3. Model Architecture
* Implement the following components in a decoder-only transformer:
    * Embedding Layers:
        * Token embedding: nn.Embedding(vocab_size, n_embd) for character indices.
        * Position embedding: nn.Embedding(block_size, n_embd) for positions 0 to block_size-1.
    * Transformer Blocks:
        * Each block includes:
            * Masked Multi-Head Self-Attention:
                * Implement manually (do not use nn.MultiheadAttention).
                * For each head:
                    * Linear layers for queries (Q), keys (K), and values (V).
                    * Scaled dot-product attention: attention = softmax((Q @ K.T) / sqrt(d_k)) @ V.
                    * Mask future positions with a lower triangular matrix (e.g., tril) by setting future weights to -inf before softmax.
                * Concatenate heads and apply a projection layer.
            * Feed-Forward Network: nn.Linear(n_embd, 4 * n_embd) → ReLU → nn.Linear(4 * n_embd, n_embd).
            * Layer Normalization: Apply nn.LayerNorm(n_embd) before each sub-layer (pre-norm).
            * Residual Connections: Add input to output of each sub-layer.
        * Use n_layer blocks in sequence.
    * Final Layers:
        * nn.LayerNorm(n_embd) for final normalization.
        * nn.Linear(n_embd, vocab_size) to produce logits.
* Define a GPTLanguageModel class with:
    * forward(idx, targets=None): Computes logits and loss (if targets provided).
    * generate(idx, max_new_tokens): Autoregressively generates new tokens.

4. Training
* Use the AdamW optimizer with learning_rate = 3e-4.
* Train for max_iters = 5000 iterations.
* Estimate and print training and validation losses:
* Compute loss using F.cross_entropy on flattened logits and targets.

5. Text Generation
* Implement generate(idx, max_new_tokens):
    * Start with an initial context idx (shape (B, T)).
    * For max_new_tokens steps:
        * Crop idx to the last block_size tokens.
        * Get logits from forward.
        * Apply softmax to the last time step’s logits to get probabilities.
        * Sample the next token using torch.multinomial.
        * Append the sampled token to idx.
    * Return the extended sequence.

### Hyperparameters
Use these values:

* batch_size = 64
* block_size = 256
* n_embd = 384
* n_head = 6
* n_layer = 6
* dropout = 0.2
* learning_rate = 3e-4
* max_iters = 5000

### Understanding the Decoder
The "Attention is All You Need" paper describes a transformer with an encoder and decoder. For this task, you focus on the decoder-only architecture used in GPT:

* Masked Self-Attention: Ensures the model only attends to previous positions in the sequence, making it autoregressive. This is achieved by masking future tokens in the attention computation, as shown below:

$Attention (Q, K, V) = softmax((Q@K.T)/sqrt(d_{k}) + mask) @V$ 

where $mask$ sets future positions to $-inf$

* Decoder Role: In the original paper, the decoder generates output sequences while attending to the encoder’s output.
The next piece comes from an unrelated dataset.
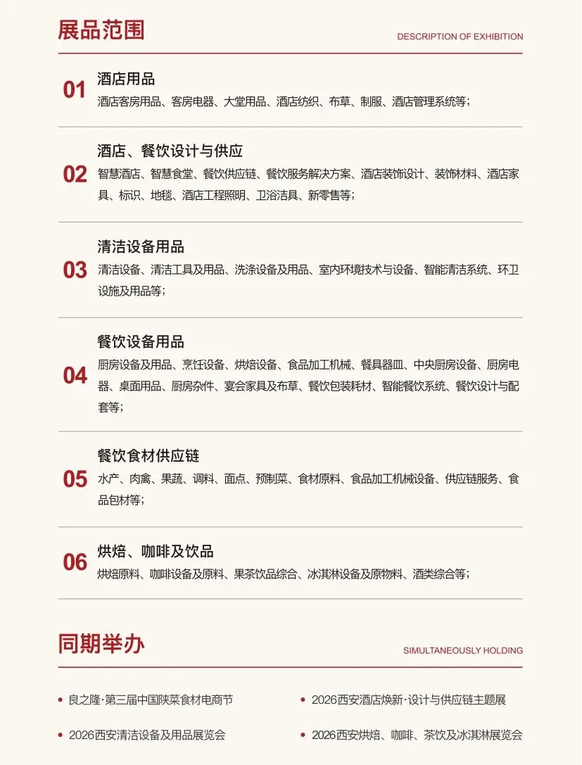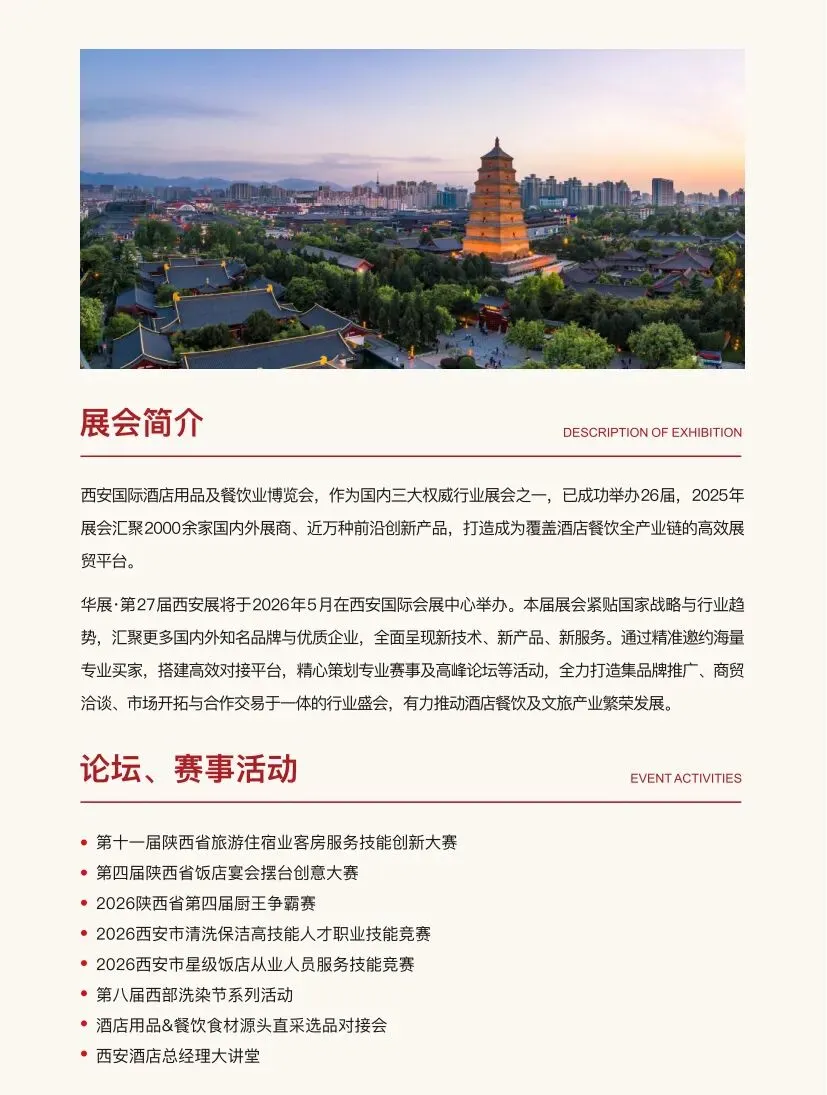 华展·第27届西安展将于2026年5月在西安国际会展中心举办。本届展会紧贴国家战略与行业趋势,汇聚更多国内外知名品牌与优质企业,全面呈现新技术、新产品、新服务。通过精准邀约海量专业买家,搭建高效对接平台,精心策划专业赛事及高峰论坛等活动,全力打造集品牌推广、商贸洽谈、市场开拓与合作交易于一体的行业盛会,有力推动酒店餐饮及文旅产业繁荣发展。

Here, without an encoder, it uses self-attention on the input sequence alone, predicting the next token step-by-step.

### Additional Notes
* Manual Attention: Implement attention from scratch to understand its mechanics (no pre-built PyTorch modules).
* Masking: Use a lower triangular matrix (e.g., torch.tril) to mask future positions.
* Device Handling: Set device = 'cuda' if torch.cuda.is_available() else 'cpu' and move tensors/models accordingly.
* Dropout: Apply nn.Dropout(dropout) in attention and feed-forward layers for regularization.

### Deliverables
A Python script that:
* Implements all steps above.
* Prints training and validation losses every 500/100? iterations (up to you).
* Generates and prints a 500-character sample after training.

### Evaluation Criteria
* Correct data preparation and batch loading.
* Accurate implementation of the transformer model, especially masked self-attention.
* Successful training with decreasing loss.
* Generation of coherent (for character-level) text.